◆ INFORMATION
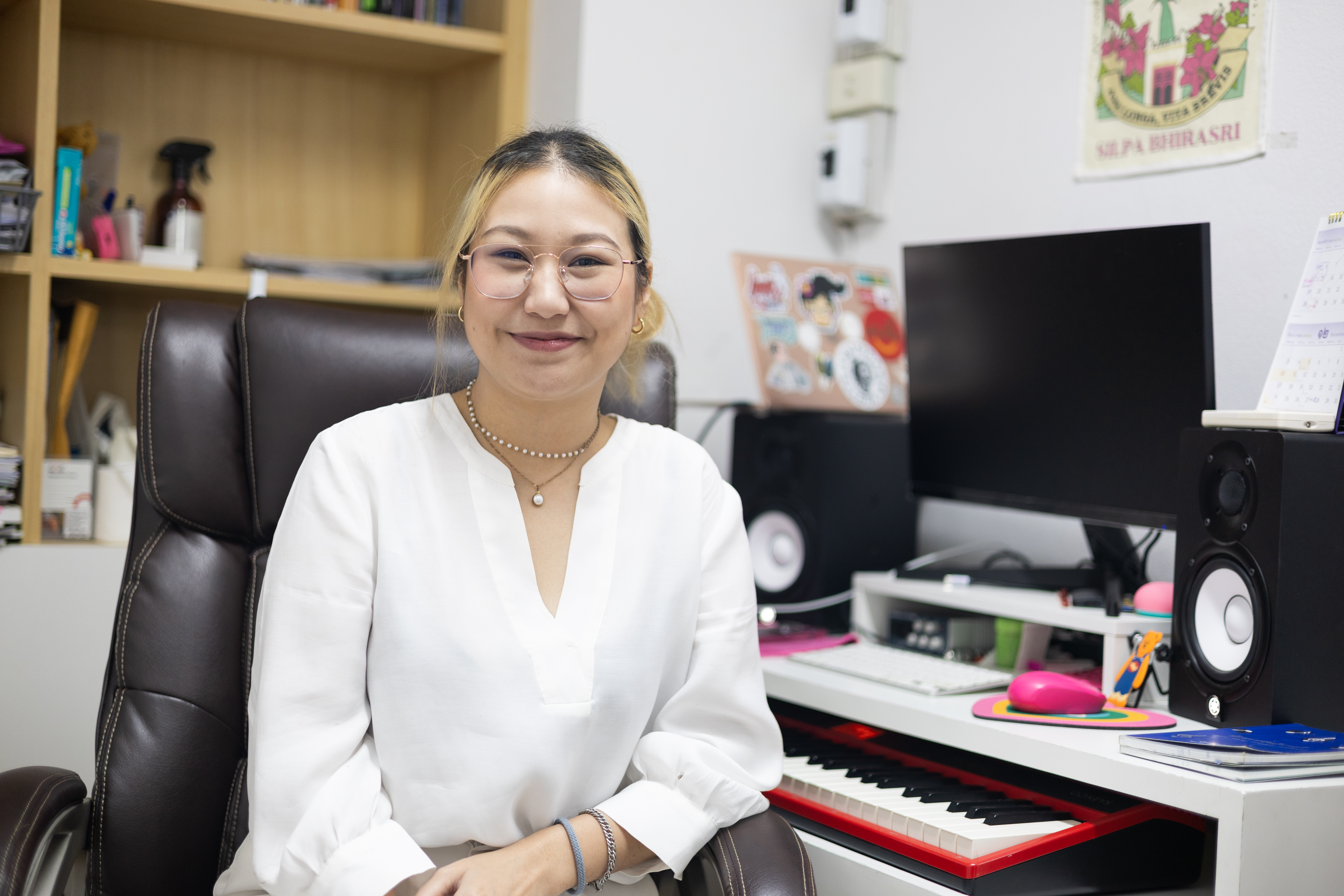 “พลอยไม่เคยไม่สนุกกับการสอนเลย จะเด็กเก่งหรือไม่เก่ง สมมติถ้าอยู่ข้างนอกพลอยหน้าบึ้ง แต่พอเดินเข้าโรงเรียนเจอเด็กปุ๊บ พลอยจะเป็นอีกพลอยเลย แล้วมันเป็นงานที่พลอยไม่เคยเบื่อเลย ยังสนุกตลอด พลอยว่ามันเป็นเป้าหมายที่ทำให้รู้สึกว่าโรงเรียนไปได้เรื่อย ๆ จุดที่รู้สึกว่าเบิร์นเอาต์มันเป็นอย่างอื่นที่ไม่ใช่ตัวเด็กแต่เป็นเวทีที่น้อยหรือการซัปพอร์ตข้างนอกที่เด็กไม่ได้มีพื้นที่ หรือว่าจะจัดคอนเสิร์ตเด็กแต่ละทีมันไม่มีห้องที่มีแกรนด์เปียโนคุณภาพวางแบบนั้น พวกนี้ทำให้เรารู้สึกต้องแอ็กทิฟว่าทำยังไงให้วันหนึ่งเราจะมีหรือจะทำอย่างนั้นให้เด็กได้”
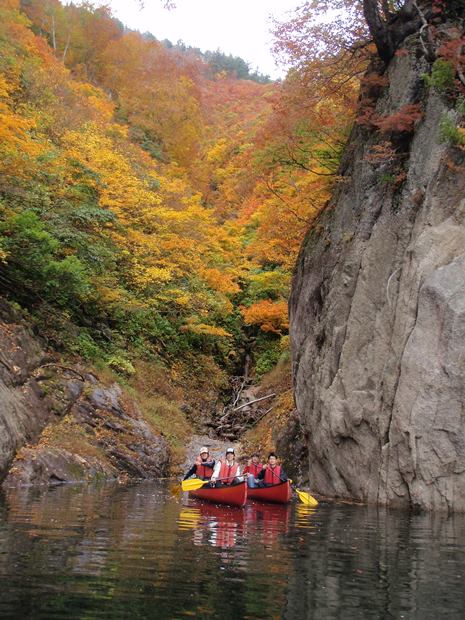 カヤックよりも安定感のあるカナディアンカヌーなら、陸からでは近づくことのできないポイントや渓流の中で安全に楽めるので、
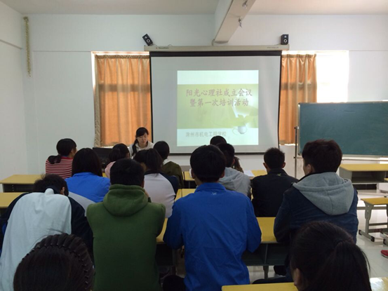 2014年11月6日下午,经学校批准,由团委牵头,心理咨询室组建和具体指导的,以中职学生为主体,开展与心理学相关活动的阳光心理社成立会议正式召开。阳光心理社的成立目的就是为了帮助同学们生活中遇到的一切与心理相关的问题,积极宣传心理健康教育知识,以自助、互助、他助等各种形式帮助同学们面对成长中的烦恼,帮助同学们认识自我、了解自我,处理好人际关系与情绪状态,成为一个积极的进取者。
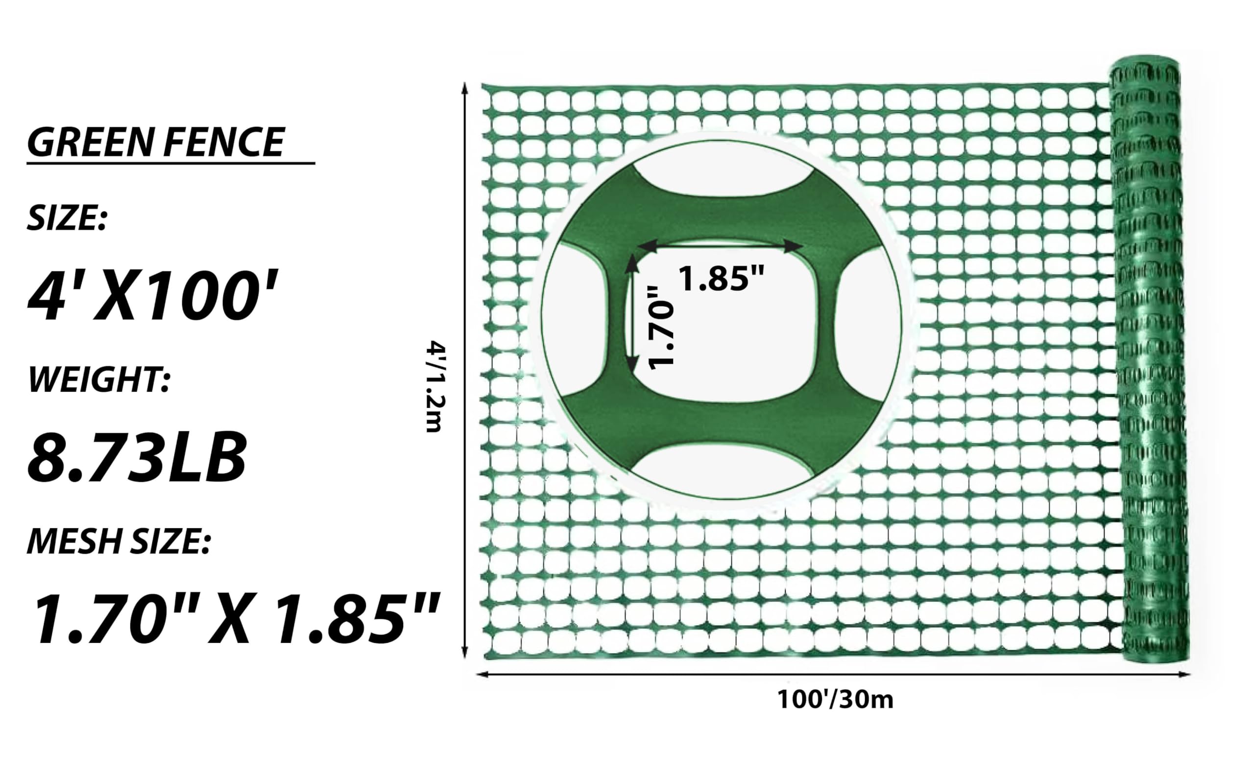 Convenient Combo Set: Our product package consists of a 4' x 100' (1.2m x 30m) mesh fencing roll that weighs 8.73 lbs. You'll also receive 100 zip ties to easily secure the PotatoLife Fence to any object, and 1 pair of gloves to make installation safe and comfortable. Posts are not included. If you encounter any issues with the product, please feel free to contact us. Our team is always available to assist you.
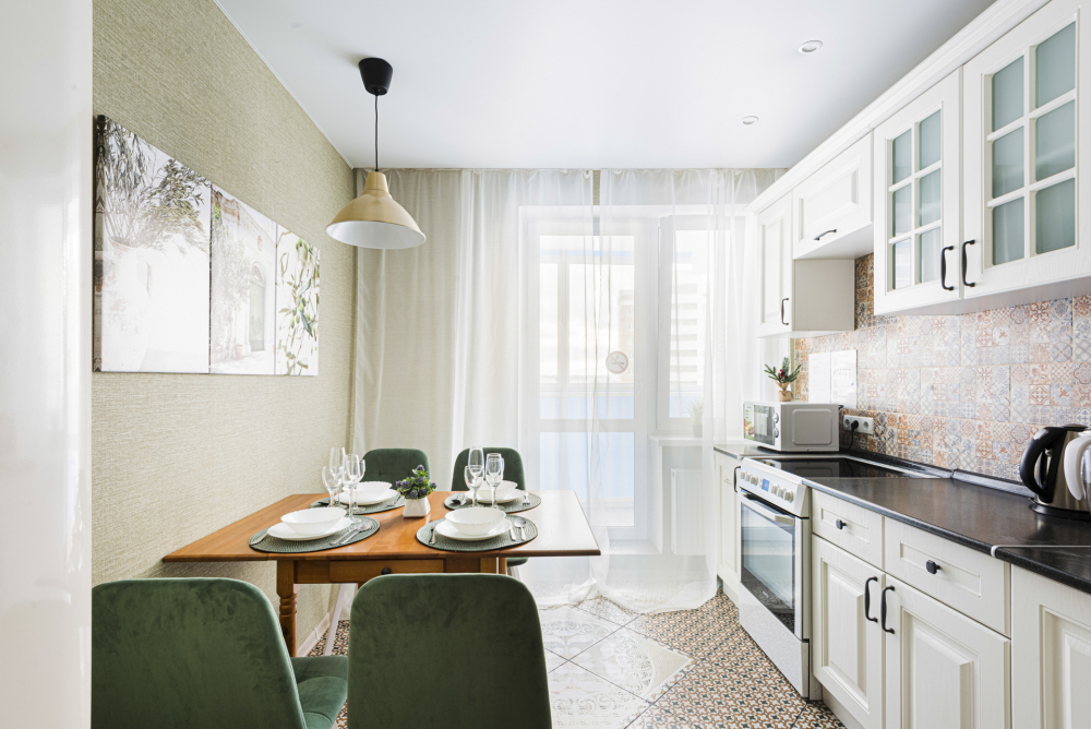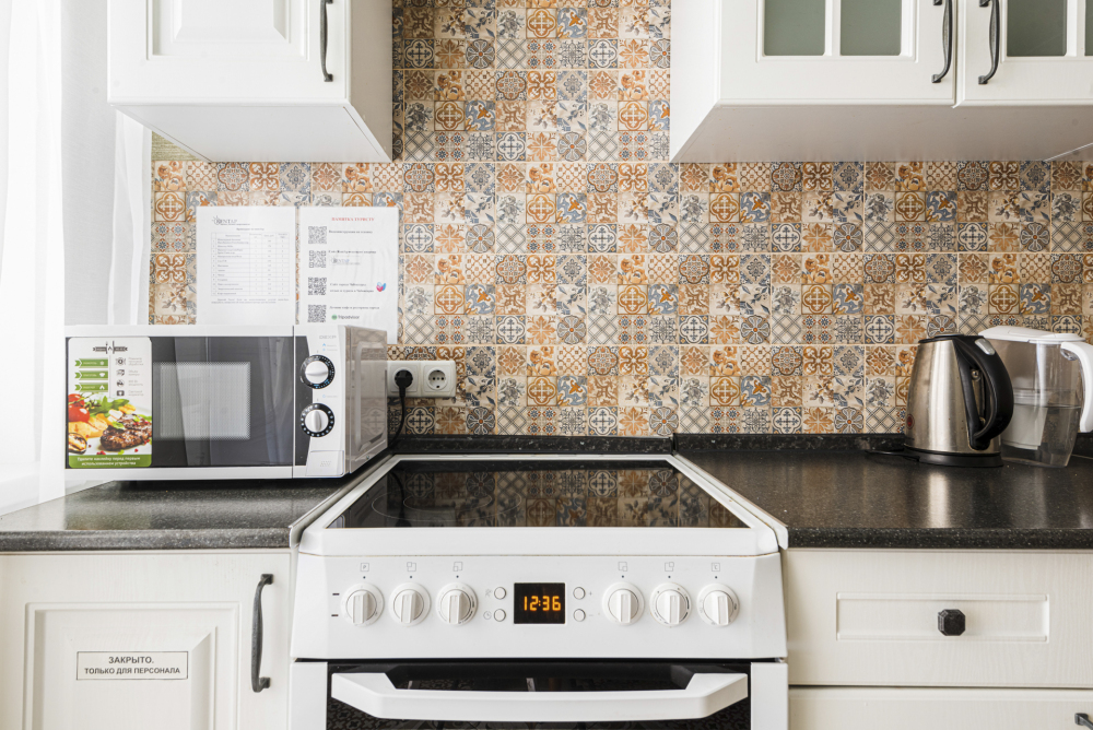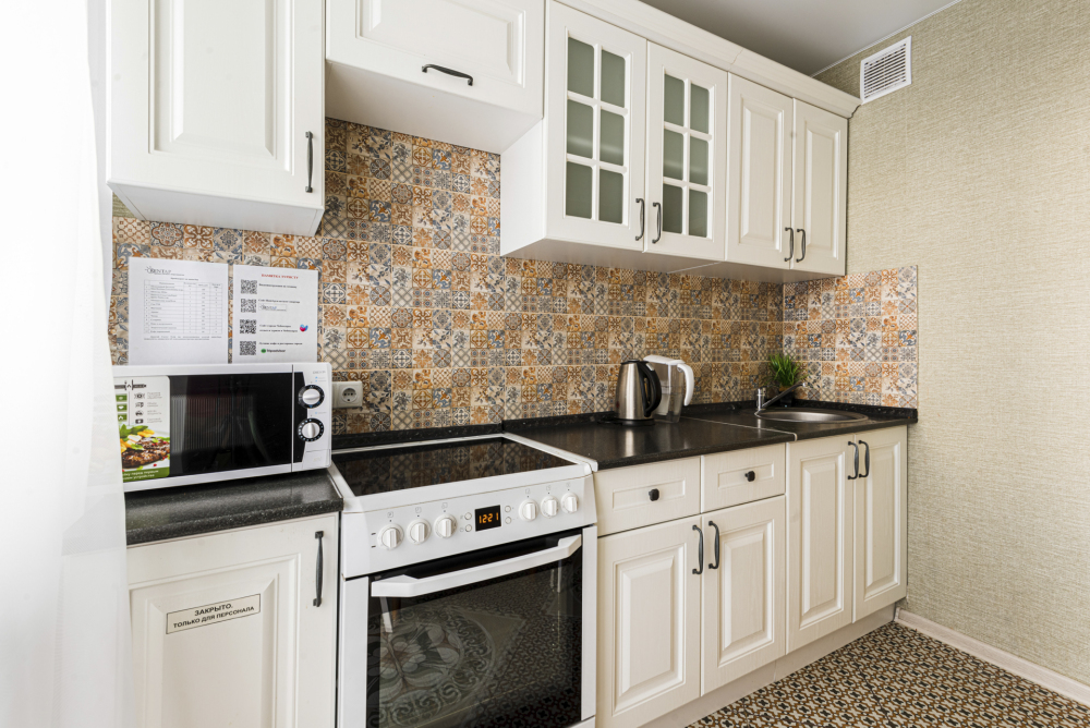 – Полностью оборудованная кухня (холодильник, электрическая плита с духовкой, микроволновая печь, электрический чайник, фильтр для питьевой воды)

◆ PROBLEM REQUIREMENTS
Please repeat the entries above exactly, leaving out any pictures.

◆ PROBLEM SOLUTION
 “พลอยไม่เคยไม่สนุกกับการสอนเลย จะเด็กเก่งหรือไม่เก่ง สมมติถ้าอยู่ข้างนอกพลอยหน้าบึ้ง แต่พอเดินเข้าโรงเรียนเจอเด็กปุ๊บ พลอยจะเป็นอีกพลอยเลย แล้วมันเป็นงานที่พลอยไม่เคยเบื่อเลย ยังสนุกตลอด พลอยว่ามันเป็นเป้าหมายที่ทำให้รู้สึกว่าโรงเรียนไปได้เรื่อย ๆ จุดที่รู้สึกว่าเบิร์นเอาต์มันเป็นอย่างอื่นที่ไม่ใช่ตัวเด็กแต่เป็นเวทีที่น้อยหรือการซัปพอร์ตข้างนอกที่เด็กไม่ได้มีพื้นที่ หรือว่าจะจัดคอนเสิร์ตเด็กแต่ละทีมันไม่มีห้องที่มีแกรนด์เปียโนคุณภาพวางแบบนั้น พวกนี้ทำให้เรารู้สึกต้องแอ็กทิฟว่าทำยังไงให้วันหนึ่งเราจะมีหรือจะทำอย่างนั้นให้เด็กได้”
 カヤックよりも安定感のあるカナディアンカヌーなら、陸からでは近づくことのできないポイントや渓流の中で安全に楽めるので、
 2014年11月6日下午,经学校批准,由团委牵头,心理咨询室组建和具体指导的,以中职学生为主体,开展与心理学相关活动的阳光心理社成立会议正式召开。阳光心理社的成立目的就是为了帮助同学们生活中遇到的一切与心理相关的问题,积极宣传心理健康教育知识,以自助、互助、他助等各种形式帮助同学们面对成长中的烦恼,帮助同学们认识自我、了解自我,处理好人际关系与情绪状态,成为一个积极的进取者。
 Convenient Combo Set: Our product package consists of a 4' x 100' (1.2m x 30m) mesh fencing roll that weighs 8.73 lbs. You'll also receive 100 zip ties to easily secure the PotatoLife Fence to any object, and 1 pair of gloves to make installation safe and comfortable. Posts are not included. If you encounter any issues with the product, please feel free to contact us. Our team is always available to assist you.
 – Полностью оборудованная кухня (холодильник, электрическая плита с духовкой, микроволновая печь, электрический чайник, фильтр для питьевой воды)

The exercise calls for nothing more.